The gDL offers support for working with two types of view:

  • local views: these are views defined by individual clients as the context for a number of subsequent queries and updates. Local views may have arbitrary long lifetimes, and may even outlive the client that created them, they are never used by multiple clients. Thus local views are commonly transient and if their definitions are somehow persisted, they are persisted locally to the 'owning' client and remain under its direct responsibility.
  • remote views: these are views defined by some clients and used by many others within the system. Remote views outlive all such clients and persist in the infrastructure, typically for as long as the collection does. They are defined through the View Manager service (VM), which materialises them as WS-Resources. Each VM resource encapsulates the definition of the view as well as its descriptive properties, and it is responsible for managing its lifetime, e.g. keep track of its cardinality and notify interested clients of changes to its contents. However, VM resources are 'passive, i.e. do not mediate access to those content resources.
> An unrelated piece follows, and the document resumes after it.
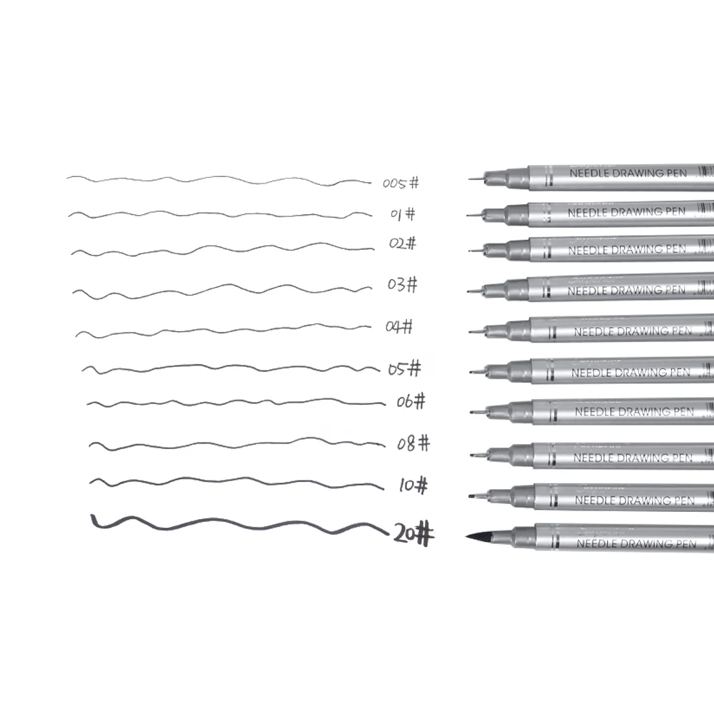 The Latest 10pcs Needle Drawing Pen Waterproof Sketch Pigment Fine Liner Pen Set Professional Marker Hook Pens

Naturally, the gDL uses projections as view definitions. It then offers specialised Readers that encapsulate such projections to implicitly resolve all their operations in the scope of the view. This yields view-based access to collections and allows clients to work with local views. In addition, the gDL provides local proxies of VM resources with which clients can create, discover, and inspect remote views. As these proxies map remote view definitions onto projections, remote views can be accessed with the same reading mechanisms available for local views.

read more...

Local Views

To work with a local view of a remote collection, a gDL client creates first the projection that defines the view. The client then injects the projection into a ViewReader, along with another Reader already configured to access the target collection. The ViewReader implements the Reader interface, offering all the read operations discussed above. When any of its operations is called, however, the ViewReader merges the view definition and the input projection, combining their constraints. It then passes the merged projection to the inner Reader, which executes the operation. Effectively, this resolves the operation in the scope of the view.

The following example illustrates the approach:

import static java.util.Locale.*;
import static org.gcube.contentmanagement.gcubedocumentlibrary.projections.Projections.*;
 
//a reader configured to access a target collection.
Reader reader = ...
 
//define a local viewDocumentProjection view = document().whereValue(LANGUAGE,FRENCH);
 //inject view and reader it into a view reader
ViewReader viewReader = new ViewReader(view,reader);
 
GCubeDocument doc = viewReader.get("...some id...", document().with(NAME));

Here, the view includes only the document descriptions (with a bytestream) in a given language. The lookup operation retrieves the target description only if it has a name and is in the view. At runtime, the DocumentProjection that defines the view is merged with the projection passed to the lookup operation. This produces the same effect that the following projection would produce if it was executed by a plain Reader:

document().whereValue(LANGUAGE,FRENCH).with(NAME);

The example above defines the view as a DocumentProjection but any projection can be used for the purpose (e.g. a MetadataProjection, an AnnotationProjection, etc). In general, clients have the same flexibility in defining views as they do in invoking the operations of Readers: any projection that can be used in one context can also be used in the other. Clients will choose DocumentProjections when the view needs to characterise properties of entire documents and/or inner elements of different types. They will instead prefer more specific projections when the view is predicated on properties of inner elements of the same type. For example, a view that characterises document descriptions based only on the schema of their metadata elements is more conveniently defined with a MetadataProjection:

...
//define a local view
DocumentProjection view = metadata().whereValue(SCHEMA_URI,"..some schema..");...
GCubeDocument doc = viewReader.get("...some id...", document().with(NAME));
...

The operation above would lookup the target document description only if it has a name and at least one metadata element in the given schema.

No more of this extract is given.